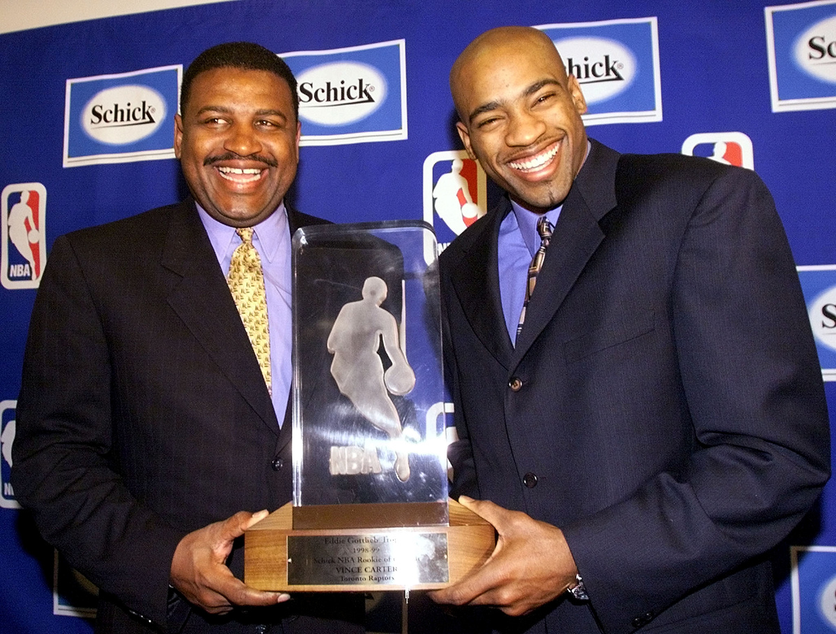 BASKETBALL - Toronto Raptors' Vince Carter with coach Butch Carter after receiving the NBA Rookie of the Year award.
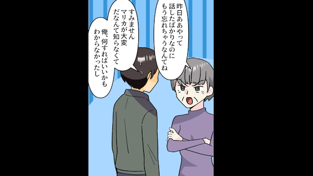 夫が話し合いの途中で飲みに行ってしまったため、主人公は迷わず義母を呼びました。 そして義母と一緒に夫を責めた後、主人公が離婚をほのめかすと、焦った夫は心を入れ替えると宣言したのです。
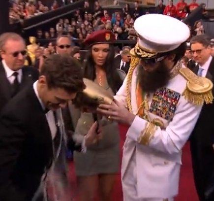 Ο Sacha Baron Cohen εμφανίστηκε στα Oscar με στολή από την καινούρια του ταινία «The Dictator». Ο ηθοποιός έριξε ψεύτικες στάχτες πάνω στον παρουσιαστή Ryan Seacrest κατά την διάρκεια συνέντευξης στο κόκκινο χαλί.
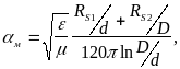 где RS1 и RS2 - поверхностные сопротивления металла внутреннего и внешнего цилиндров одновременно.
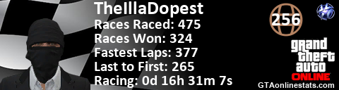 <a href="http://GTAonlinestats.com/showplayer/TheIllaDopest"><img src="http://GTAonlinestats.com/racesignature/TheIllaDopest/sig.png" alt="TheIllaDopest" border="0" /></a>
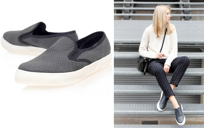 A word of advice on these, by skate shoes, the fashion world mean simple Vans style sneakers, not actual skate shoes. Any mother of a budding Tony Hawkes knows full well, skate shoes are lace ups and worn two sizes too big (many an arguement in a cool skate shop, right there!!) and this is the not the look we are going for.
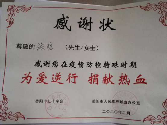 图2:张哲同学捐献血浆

◇ ◇ ◇ ◇ ◇ ◇ ◇

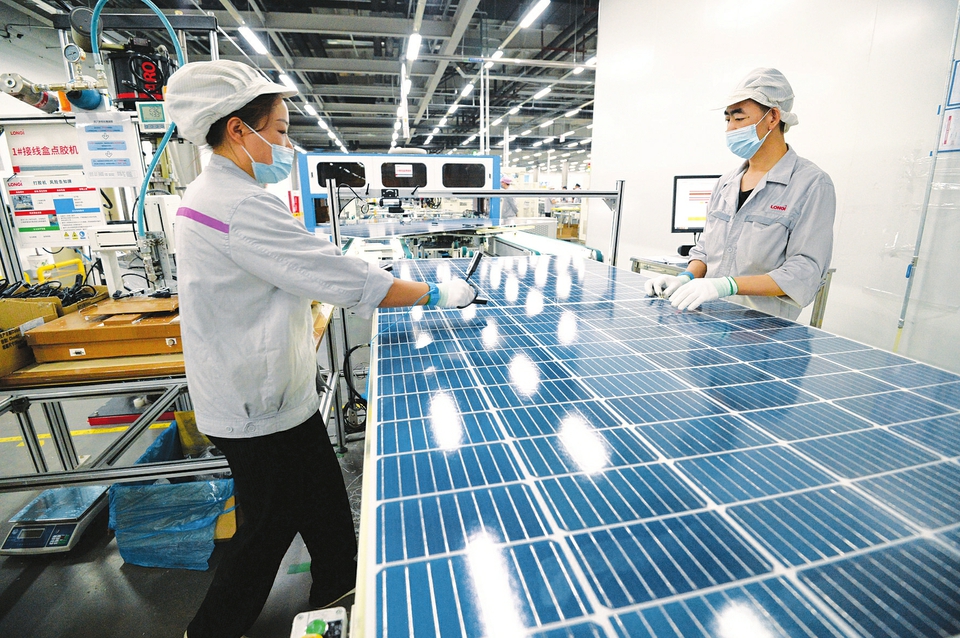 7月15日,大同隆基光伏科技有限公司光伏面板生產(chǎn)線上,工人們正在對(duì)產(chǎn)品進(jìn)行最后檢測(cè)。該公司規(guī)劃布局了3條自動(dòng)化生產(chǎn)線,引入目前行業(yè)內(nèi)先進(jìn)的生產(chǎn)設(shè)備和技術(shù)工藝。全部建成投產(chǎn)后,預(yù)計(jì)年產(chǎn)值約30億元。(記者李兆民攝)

◇ ◇ ◇ ◇ ◇ ◇ ◇

To do
In the entries above, find the line containing "где RS1 и RS2" and the line containing "图2:张哲同学捐献血浆"; give again exactly those two lines and every line between them, minus the pictures.

Written answer
 где RS1 и RS2 - поверхностные сопротивления металла внутреннего и внешнего цилиндров одновременно.
 <a href="http://GTAonlinestats.com/showplayer/TheIllaDopest"><img src="http://GTAonlinestats.com/racesignature/TheIllaDopest/sig.png" alt="TheIllaDopest" border="0" /></a>
 A word of advice on these, by skate shoes, the fashion world mean simple Vans style sneakers, not actual skate shoes. Any mother of a budding Tony Hawkes knows full well, skate shoes are lace ups and worn two sizes too big (many an arguement in a cool skate shop, right there!!) and this is the not the look we are going for.
 图2:张哲同学捐献血浆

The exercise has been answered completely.